# AIM OF THE TASK
Print only the lines below from the one with "Le prix médian" to the one with "SMOBY Παιδική κούνια", both included, exactly as they stand. Leave pictures out.

::: THE RECORDS :::

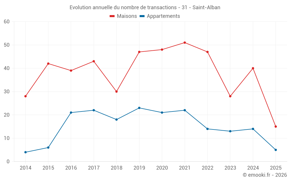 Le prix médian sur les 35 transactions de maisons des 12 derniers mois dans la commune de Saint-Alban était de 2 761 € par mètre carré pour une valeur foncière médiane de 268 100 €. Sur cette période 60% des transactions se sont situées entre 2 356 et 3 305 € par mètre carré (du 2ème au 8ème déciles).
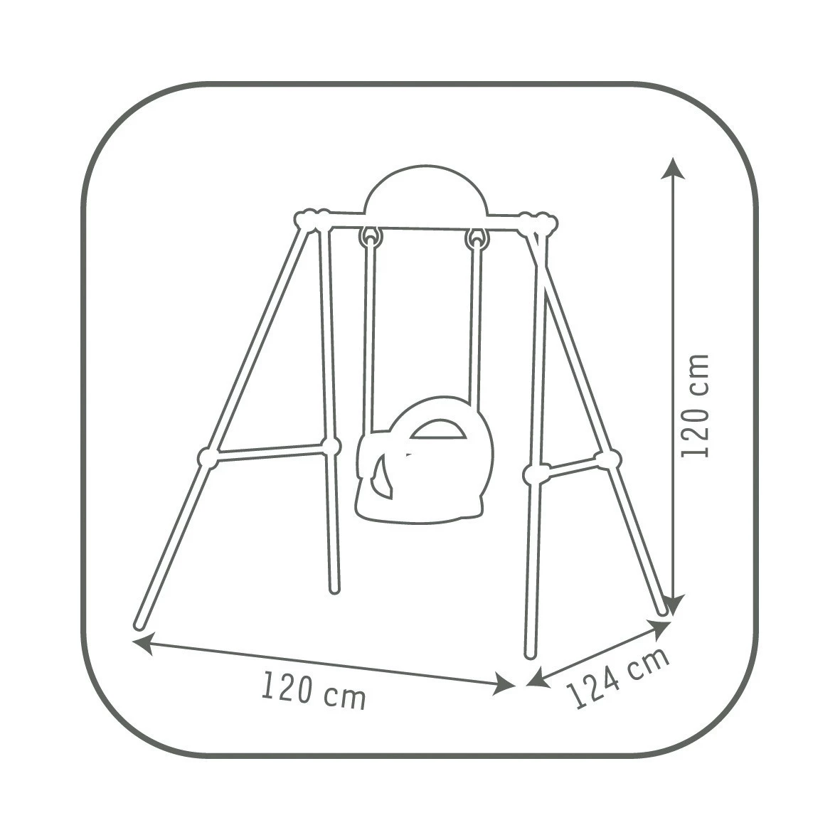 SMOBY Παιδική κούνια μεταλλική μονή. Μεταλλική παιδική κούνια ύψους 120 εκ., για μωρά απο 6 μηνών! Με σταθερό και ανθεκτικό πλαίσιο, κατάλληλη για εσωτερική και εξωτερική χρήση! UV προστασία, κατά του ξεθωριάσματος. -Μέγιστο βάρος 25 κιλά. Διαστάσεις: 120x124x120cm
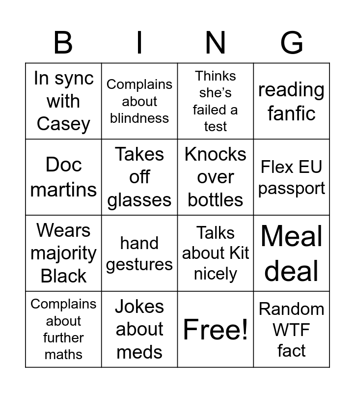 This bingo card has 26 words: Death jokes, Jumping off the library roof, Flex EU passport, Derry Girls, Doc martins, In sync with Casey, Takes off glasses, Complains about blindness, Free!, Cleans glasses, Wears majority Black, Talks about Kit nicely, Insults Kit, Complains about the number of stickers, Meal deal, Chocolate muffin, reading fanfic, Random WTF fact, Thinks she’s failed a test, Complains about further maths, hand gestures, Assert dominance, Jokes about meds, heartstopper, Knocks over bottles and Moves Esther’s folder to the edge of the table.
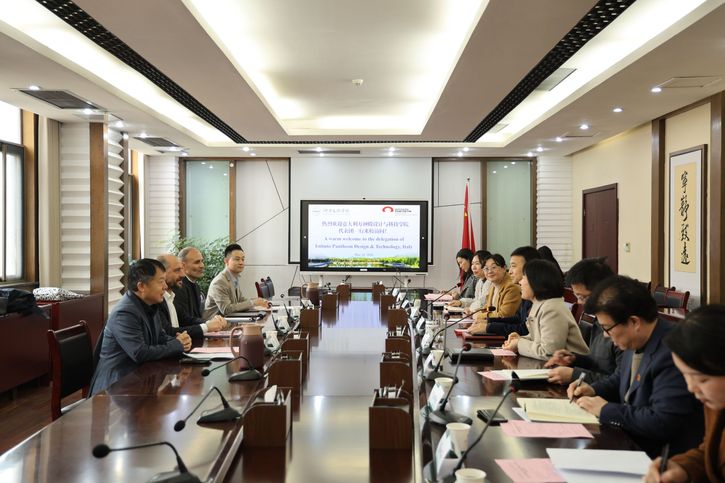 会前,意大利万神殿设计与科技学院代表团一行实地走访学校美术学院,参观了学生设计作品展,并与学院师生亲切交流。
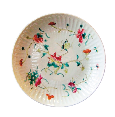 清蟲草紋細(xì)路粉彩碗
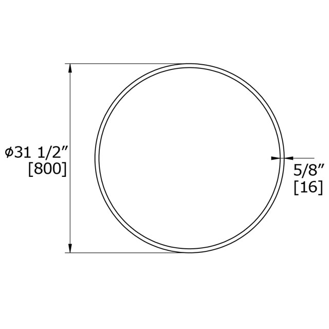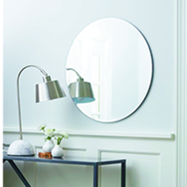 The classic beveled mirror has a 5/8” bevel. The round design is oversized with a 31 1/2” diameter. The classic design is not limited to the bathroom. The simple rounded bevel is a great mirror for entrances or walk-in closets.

:::
::: THE RECORDS :::

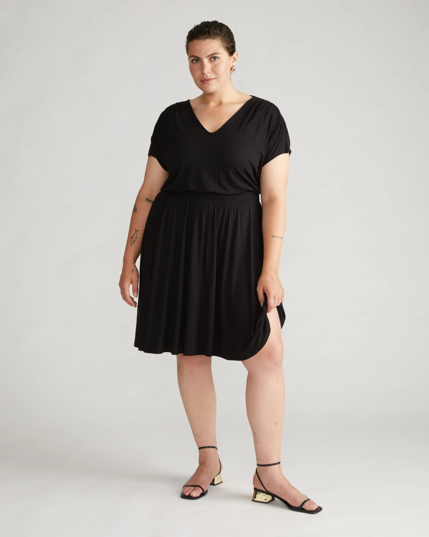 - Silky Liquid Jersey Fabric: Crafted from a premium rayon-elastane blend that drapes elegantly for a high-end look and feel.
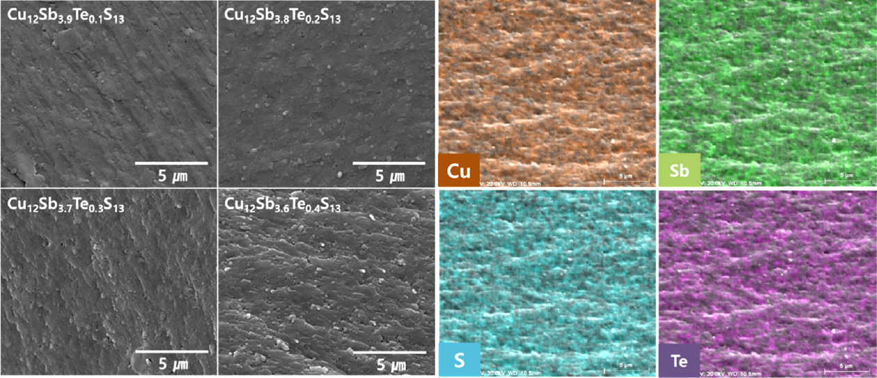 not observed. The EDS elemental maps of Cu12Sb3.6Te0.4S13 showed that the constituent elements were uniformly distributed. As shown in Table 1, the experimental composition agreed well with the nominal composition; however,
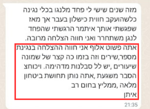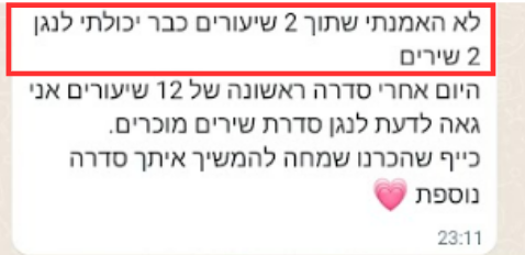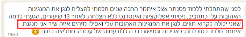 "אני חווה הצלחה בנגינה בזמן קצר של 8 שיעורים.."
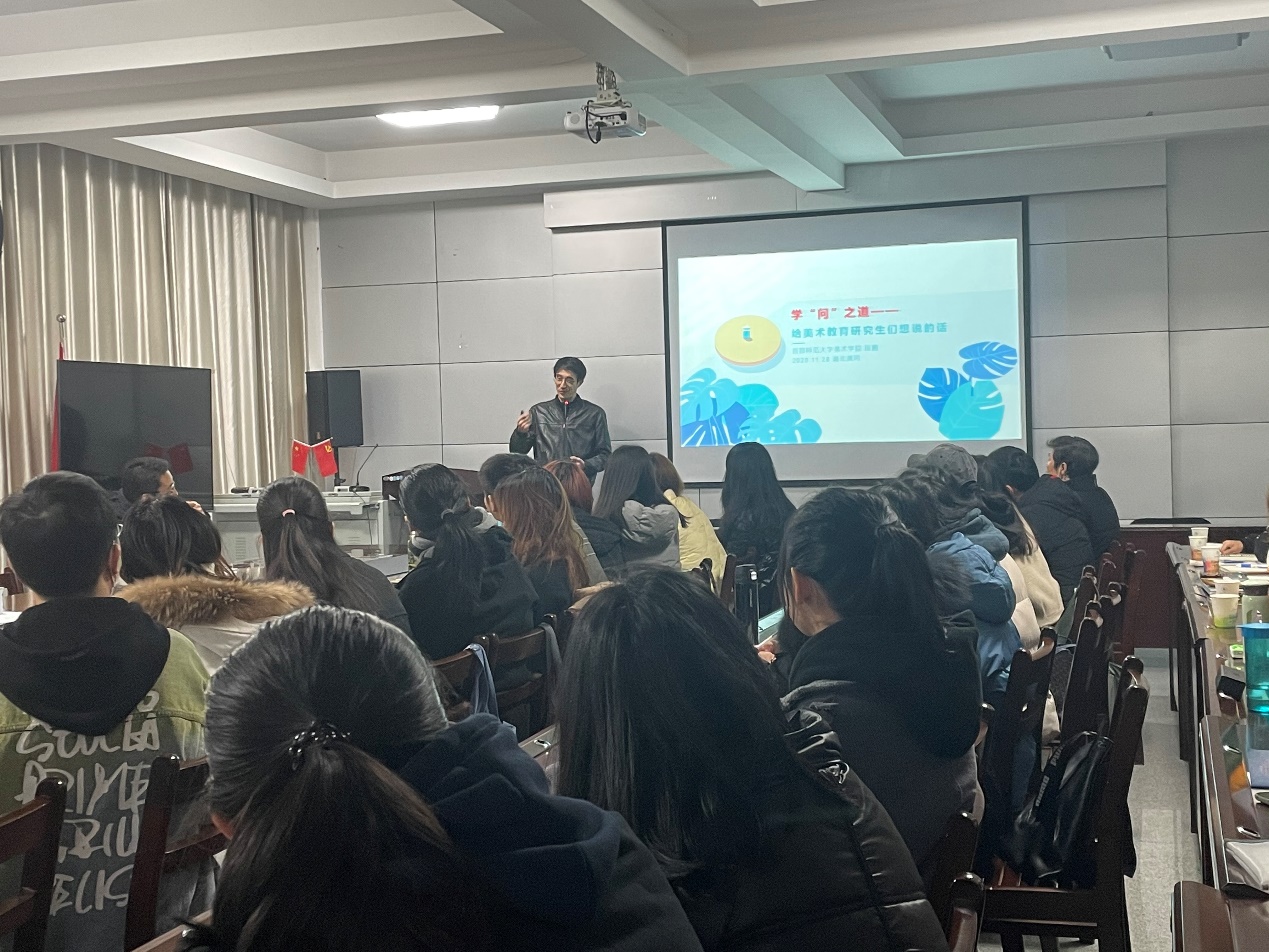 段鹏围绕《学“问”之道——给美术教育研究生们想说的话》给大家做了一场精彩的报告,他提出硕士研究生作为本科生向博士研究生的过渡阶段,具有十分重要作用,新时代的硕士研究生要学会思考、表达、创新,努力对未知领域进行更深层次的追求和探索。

:::

# FINISHED EXERCISE
 Le prix médian sur les 35 transactions de maisons des 12 derniers mois dans la commune de Saint-Alban était de 2 761 € par mètre carré pour une valeur foncière médiane de 268 100 €. Sur cette période 60% des transactions se sont situées entre 2 356 et 3 305 € par mètre carré (du 2ème au 8ème déciles).
 SMOBY Παιδική κούνια μεταλλική μονή. Μεταλλική παιδική κούνια ύψους 120 εκ., για μωρά απο 6 μηνών! Με σταθερό και ανθεκτικό πλαίσιο, κατάλληλη για εσωτερική και εξωτερική χρήση! UV προστασία, κατά του ξεθωριάσματος. -Μέγιστο βάρος 25 κιλά. Διαστάσεις: 120x124x120cm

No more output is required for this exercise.